Would you reproduce, word for word, only the lines running from the top of the data through the line containing "This summery shoot", and none of the pictures?

Items from a dataset:
·····

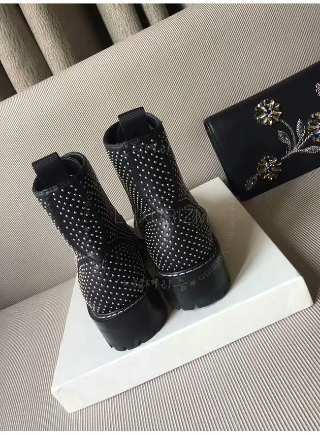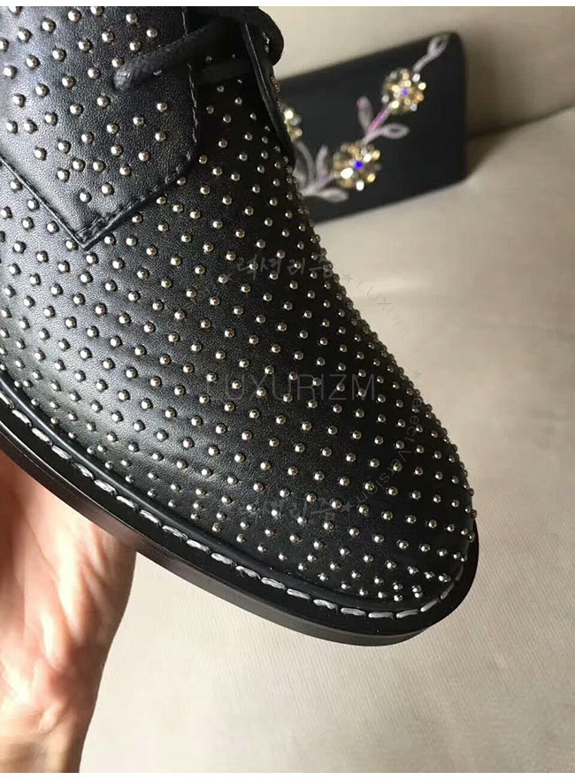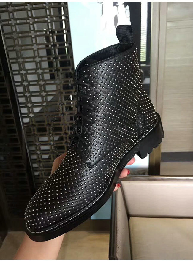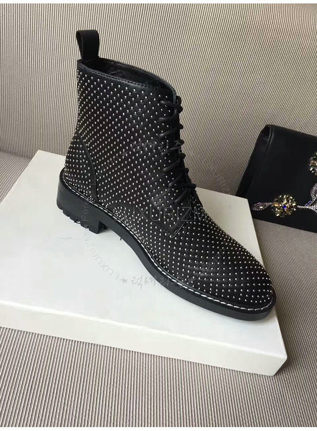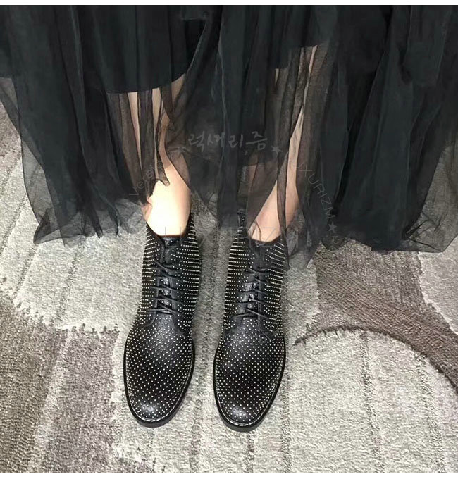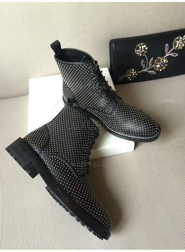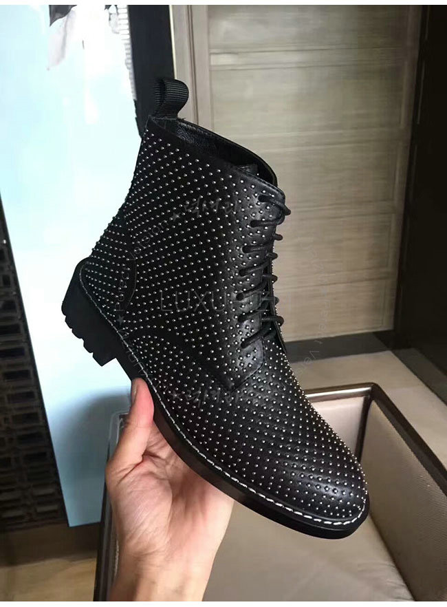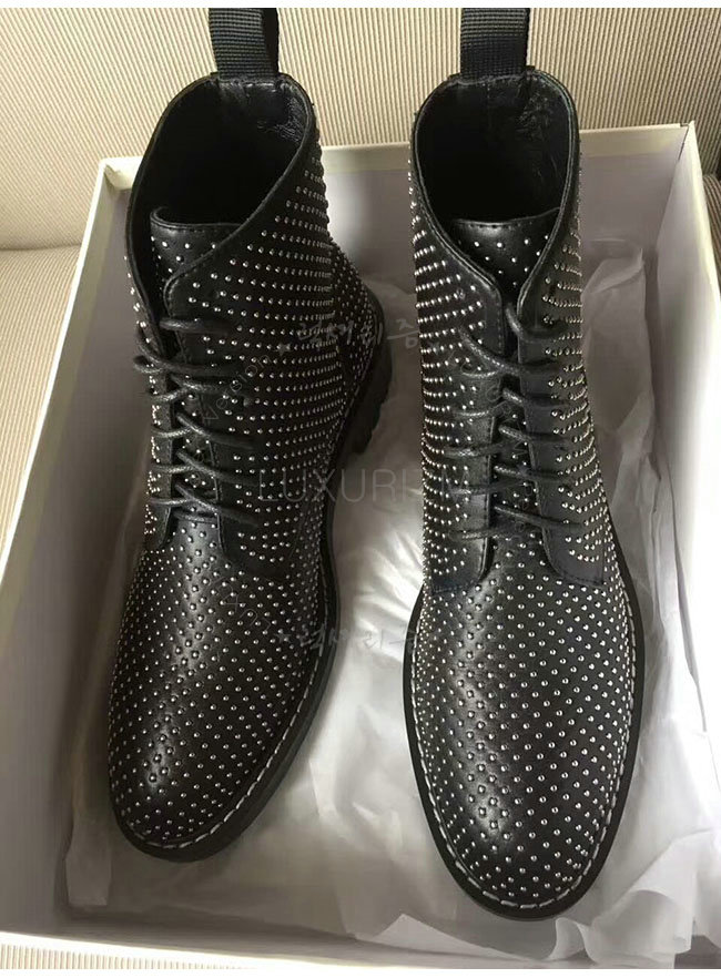 SAINT LAURENT-484855 생로랑 블랙 가죽 윌리엄 스터디드 레이스 업 부츠 여성용
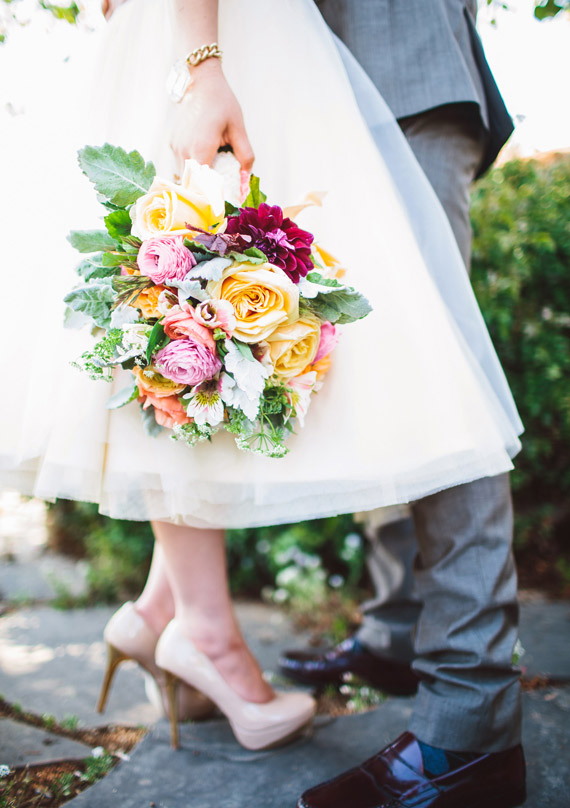This summery shoot from Plum Jam Photography and Danae Grace Events will cheer you right up and then some. It’s chock full of colorful inspiration for couples looking for a playful yet relaxed wedding vibe. The Spanish tile around the property inspired the vibrant color story, and the neon hued popsicles, Bellini bar, and adorable wardrobe choices just add to all the fun.
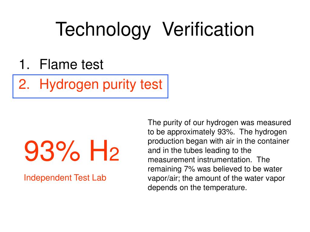 Technology Verification • Flame test • Hydrogen purity test • Flow rate measurements Hydrogen at 1 LPM to 20 LPM Simple, easy, cheap
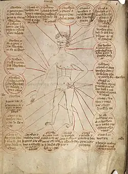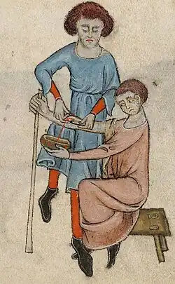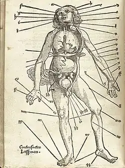 The Talmud recommended a specific day of the week and days of the month for bloodletting in the Shabbat tractate,[23] and similar rules, though less codified, can be found among Christian writings advising which saints' days were favourable for bloodletting. During medieval times bleeding charts were common, showing specific bleeding sites on the body in alignment with the planets and zodiacs.[22] Islamic medical authors also advised bloodletting, particularly for fevers. It was practised according to seasons and certain phases of the Moon in the lunar calendar. The practice was probably passed by the Greeks with the translation of ancient texts to Arabic and is different than bloodletting by cupping mentioned in the traditions of Muhammad. When Muslim theories became known in the Latin-speaking countries of Europe, bloodletting became more widespread. Together with cautery, it was central to Arabic surgery; the key texts Kitab al-Qanun and especially Al-Tasrif li-man 'ajaza 'an al-ta'lif both recommended it. It was also known in Ayurvedic medicine, described in the Susruta Samhita.
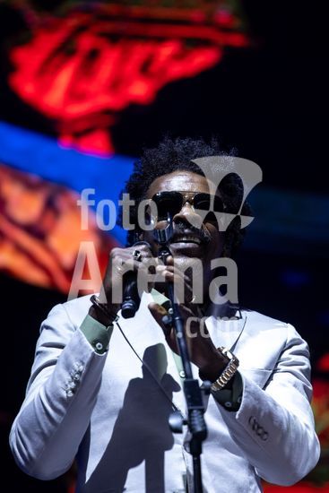 2825907 O cantor Gilberto Gil se apresenta em show da Tempo Rei, sua turnê de despedida dos palcos. A performance acontece na noite desta sexta-feira (17) no Allianz Parque no Allianz Parque em São Paulo, SP. Na foto, Seu Jorge faz participação especial na música "Refavela."
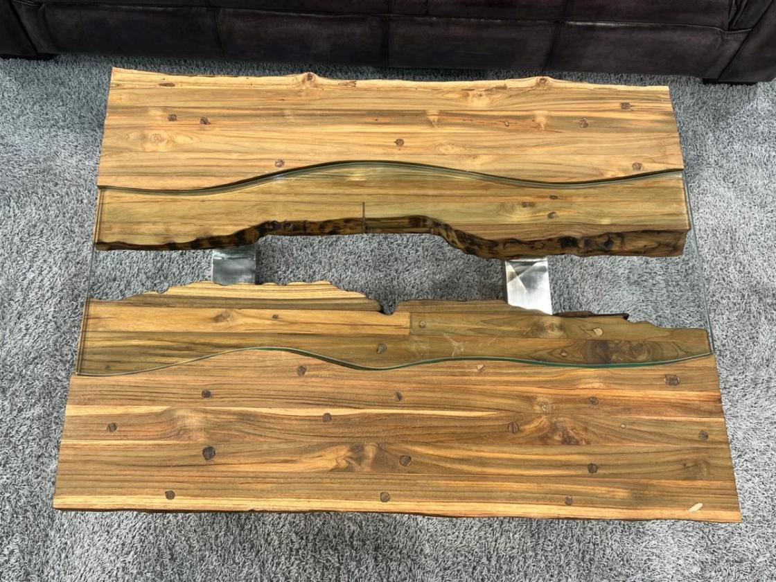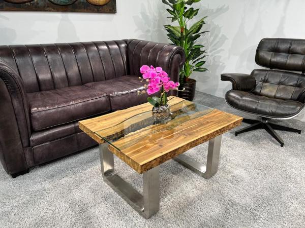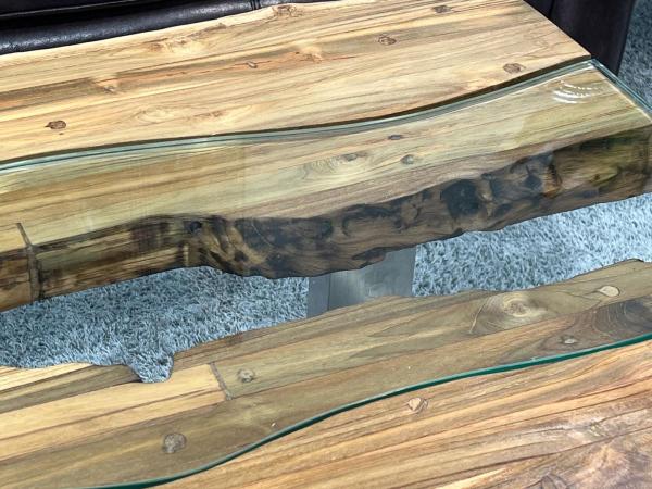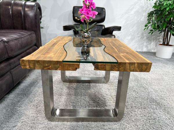 Rechteckiger Couchtisch "Old Elements" mit Baumkante ca. 80,5 x 60-62 x 45 cm aus recyceltem Teakholz mit Glas und Edelstahl
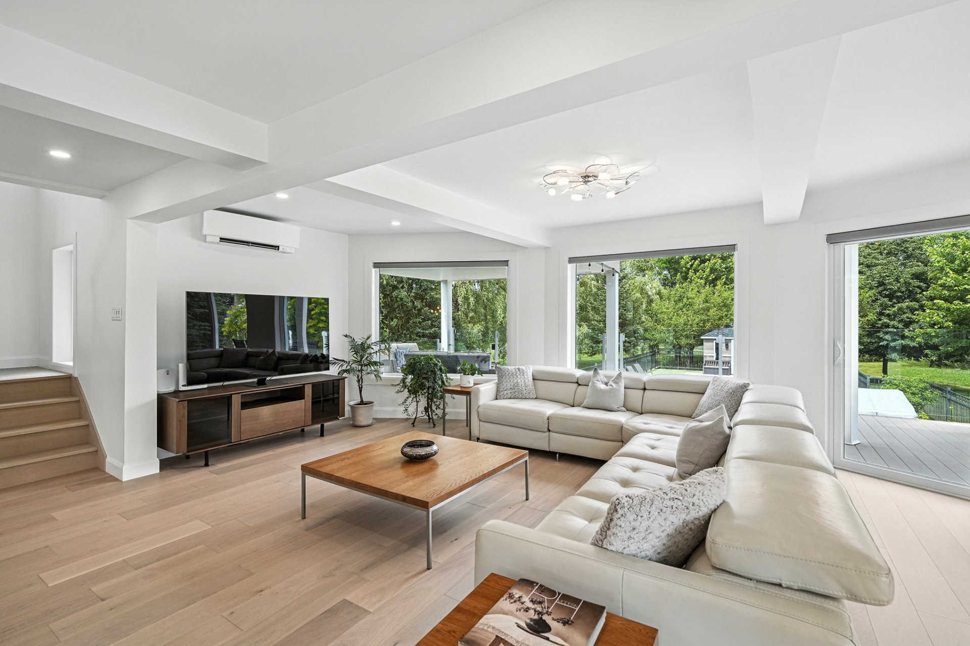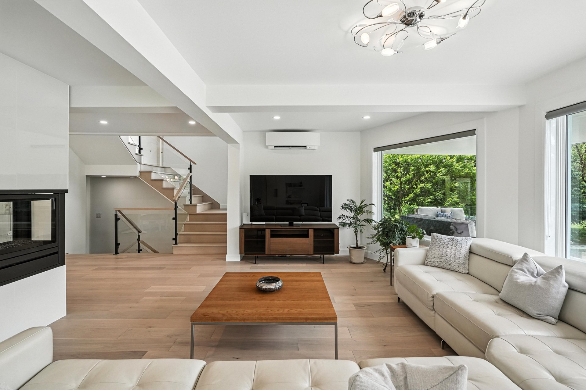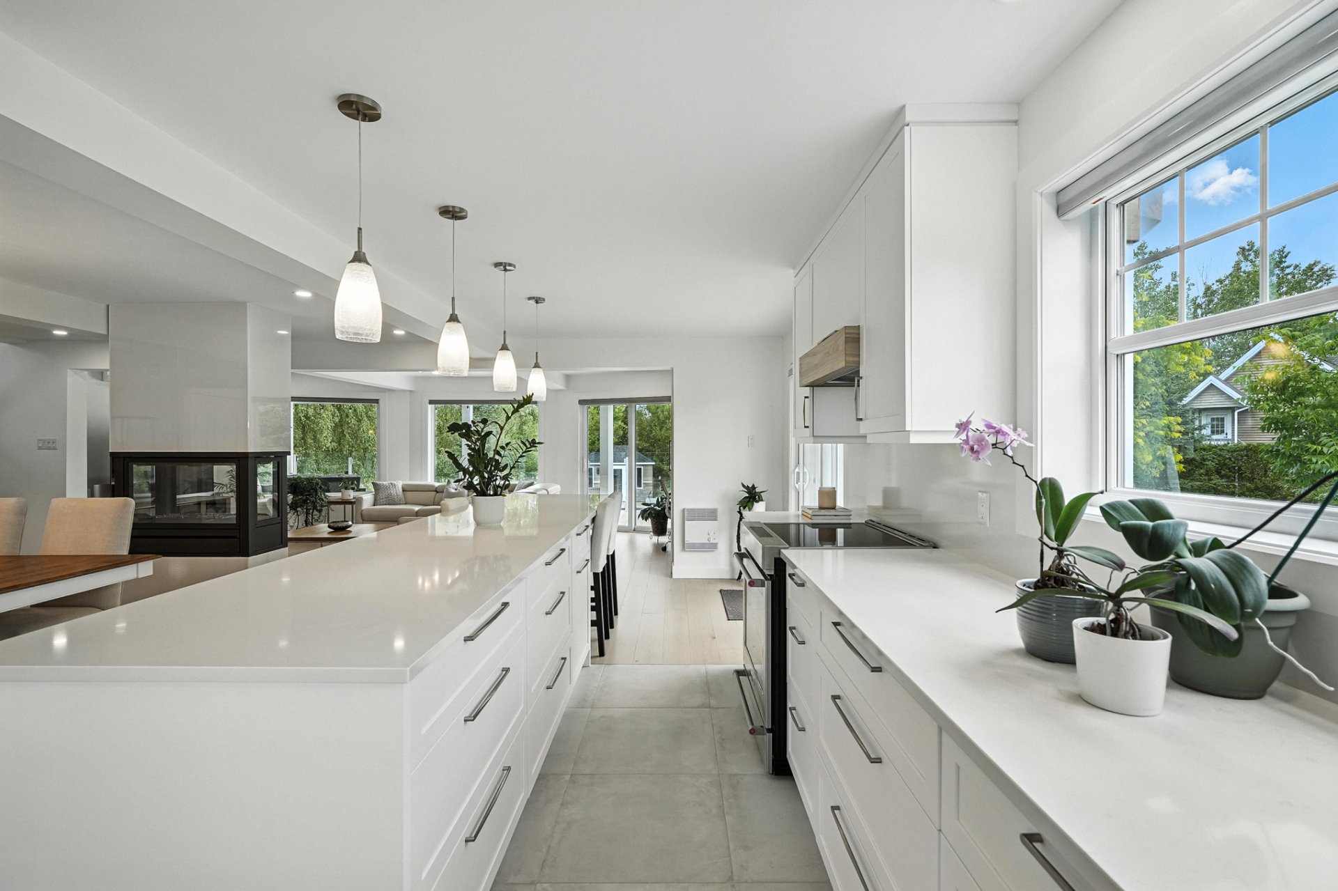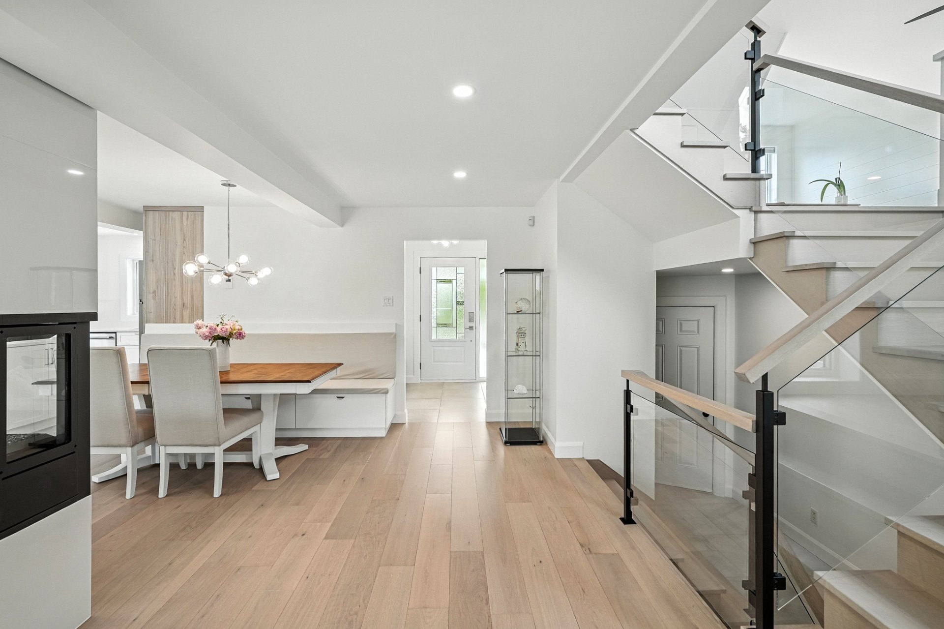 The interior design creates a calming atmosphere where light wood and clean lines combine with glass and natural light. The open-concept main floor exudes flow and warmth: a living room with a view of the pool, a four-sided gas fireplace, white oak engineered wood floors, and a thoughtfully designed kitchen featuring quartz countertops, a generous island, and ample Shaker-style cabinetry.

·····

> **Result for this task**:
 SAINT LAURENT-484855 생로랑 블랙 가죽 윌리엄 스터디드 레이스 업 부츠 여성용
This summery shoot from Plum Jam Photography and Danae Grace Events will cheer you right up and then some. It’s chock full of colorful inspiration for couples looking for a playful yet relaxed wedding vibe. The Spanish tile around the property inspired the vibrant color story, and the neon hued popsicles, Bellini bar, and adorable wardrobe choices just add to all the fun.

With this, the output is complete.